NTN 俳優の多部未華子さんが出演する「なん~て~なめらか~」のテレビCMの会社です。世界では再生可能エネルギーの主役は風力発電。海に風車を設置する洋上風力発電は、巨大風車にできるため発電コストを下げられます。その風車を回すベアリングをつくっているのがNTN。風力発電機の異常をいち早く検知して稼働率を上げるシステムも開発しています。
 ベアリングは、あらゆる機械の回転部分を支え、摩擦を減らしてなめらかに回転させる部品で、自動車のほか鉄道車両、建設機械、工作機械、航空・宇宙分野のジェットエンジン、HDD(ハードディスク駆動装置)、CTスキャナー(コンピューター断層撮影装置)、人工心臓などさまざまな分野で使われています。NTNは、自動車のタイヤの回転を支えるハブベアリングで世界シェアトップ。エンジンやモーターの動力をタイヤに伝えるドライブシャフトは世界2位です。

働く現場や学校で

 凸版印刷は多言語翻訳に取り組んでいます。みなさんもアルバイト先などで使うことがあるかもしれませんね。

凸版印刷 訪日外国人旅行者に加え、日本で暮らす外国人就労者、技能実習生、留学生も増える中、日本語を正確に素早く訳し、専門用語にも対応する多言語翻訳に取り組んでいます。スマホで会話を聞き取り瞬時に音声で翻訳するアプリ「ボイスビズ」は、音声で11言語、テキストは30言語に対応。接客や外国人就労者とのコミュニケーションの現場で使われています。多くの国の子どもたちが学ぶ学校向けには、学校で使われる独特の語彙(ごい)を搭載した「ボイスビズフォースクール」があり、日本語を話せない保護者への家庭訪問などでも活躍しています。テキスト翻訳Webサービス「ジャパリンガル」は4言語に対応します。

AI、IoTで介護も健康も

 人工知能(AI) IoT(モノのインターネット)など、ICT(情報通信技術)を活用して社会の課題を解決する技術開発に取り組んでいる事例も紹介されました。
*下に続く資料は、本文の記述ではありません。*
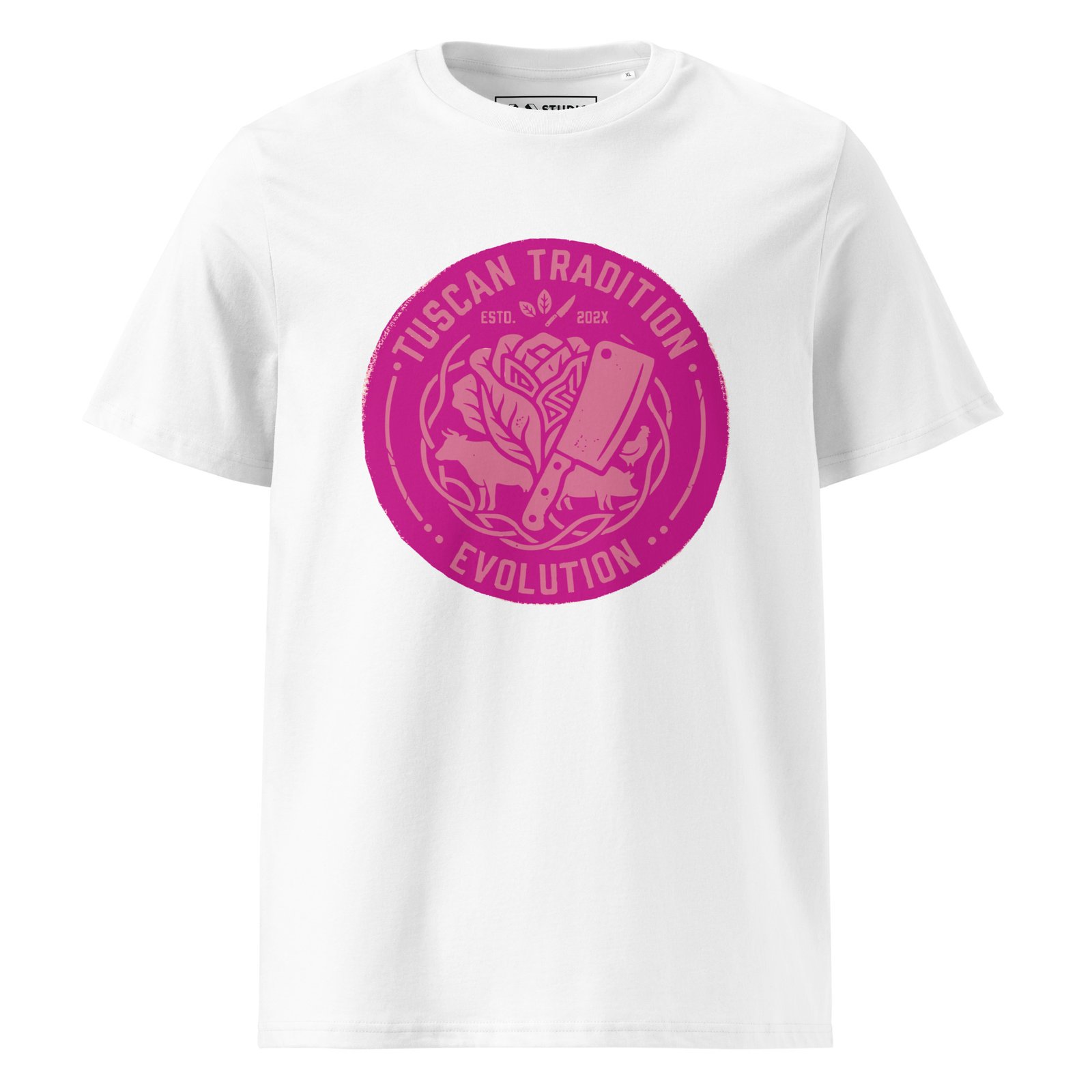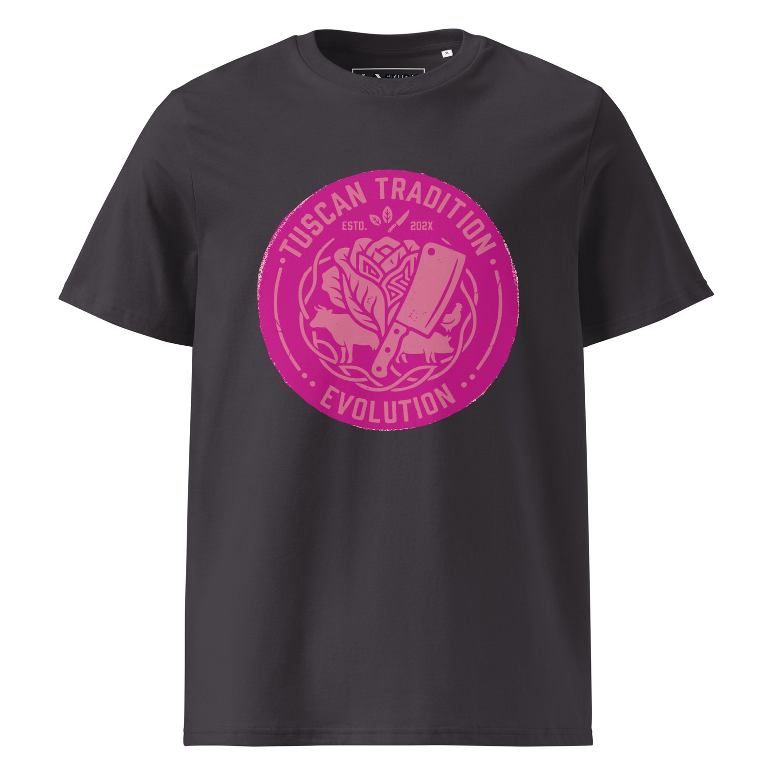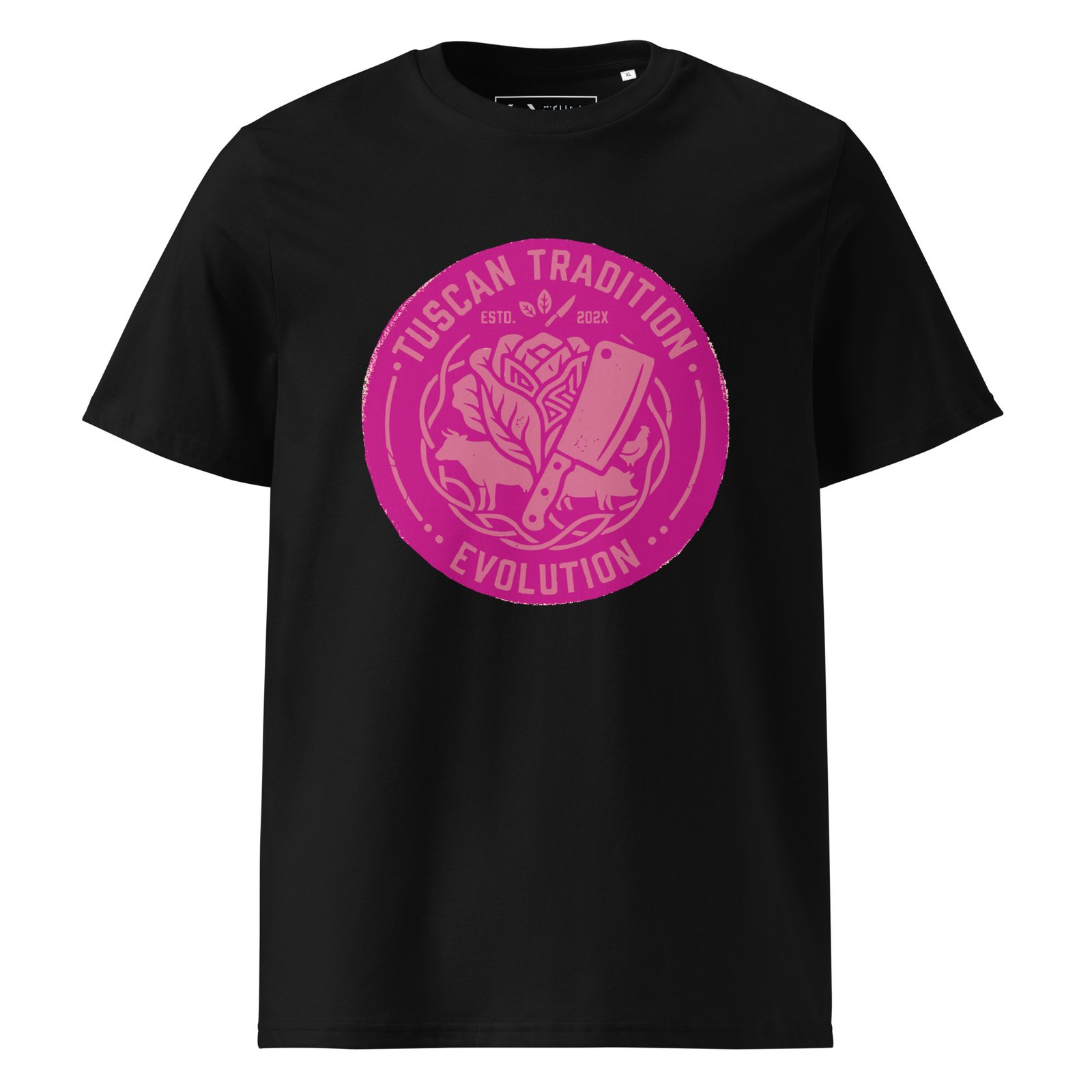 Bold, unapologetic, and visionary. The Vibrant Fuchsia Edition of our “Industrial Evolution” series takes the deconstructed butcher symbols and denches them in an electric magenta glow. The central “Evolution” claim and the repurposed cleaver now dedicated to the plant kingdom are highlighted by the sharp, spray-paint texture that defines the modern urban rebel.
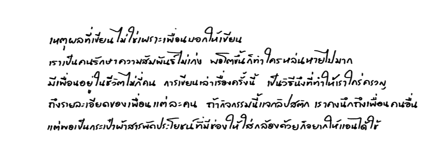 ย่อหน้าข้างบนคือย่อหน้าแรกๆ ในอีเมลที่ 'แตง' ส่งถึงเมลบ็อกซ์ของทีมงาน มันตรึงให้เราอยากอ่านบรรทัดถัดไปและถัดไปเรื่อยๆ อาจเป็นเพราะแตงบอกเราว่าเธอกับเพื่อนชอบอ่านหนังสือและเริ่มต้นมิตรภาพผ่านแผ่นกระดาษก็ได้มั้ง ที่ทำให้เรารู้สึกสนใจเป็นพิเศษ มิตรภาพระหว่างคนรักกระดาษ ภาพถ่าย และการอ่านการเขียน มันน่ารักและคลาสสิกดีจัง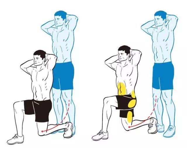 如何做 双手放在体侧。右腿向前迈一大步,同时左腿膝盖落地。胸口打开,背部挺直,屈双膝,髋关节向下。右腿发力上蹬,将左腿向前带。另一条腿前迈,交替换边进行。

NTTドコモ AIを使った対話サービスを開発中。自動販売機に話しかけるだけで新幹線のチケットが買える、そんな機器の開発を目指しています。

NTT スマホなどの「音声認識」機能で、怒りや喜び、悲しみなどの感情も聞き取ることを目指しています。バリアフリーの分野では、車いす利用者がスマホに行きたい場所を告げると、階段や段差を避けてルートを案内するアプリを開発。健康診断の結果をAIが解析して生活習慣病のリスクを予測することにも取り組んでいます。

パナソニック お世話型の介護から、科学的データに基づいた自立支援型の介護への転換を目指しています。施設の部屋のエアコンの稼働状況などから、入居者の1日の動きや睡眠などのデータを集め、ケアプランに生かそうとしています。

アピアランスケア

 医療や健康のつながりから、もう1社。
アデランス 世界19カ国・地域で毛髪・美容・健康のウェルネス事業を展開しています。「アピアランス(外見)ケア」に取り組んでいて、病院内ヘアサロンを国内30店舗に加え、スウェーデンやドイツなど海外でも8店舗を運営しています。医療用ウィッグでQOL(生活の質)向上に貢献しています。

 紹介した事例は、会社の採用ホームページで最初に取り上げられるような事業ではないかもしれませんが、こうした取り組みから企業の方向性や社風を感じ取ることもできると思います。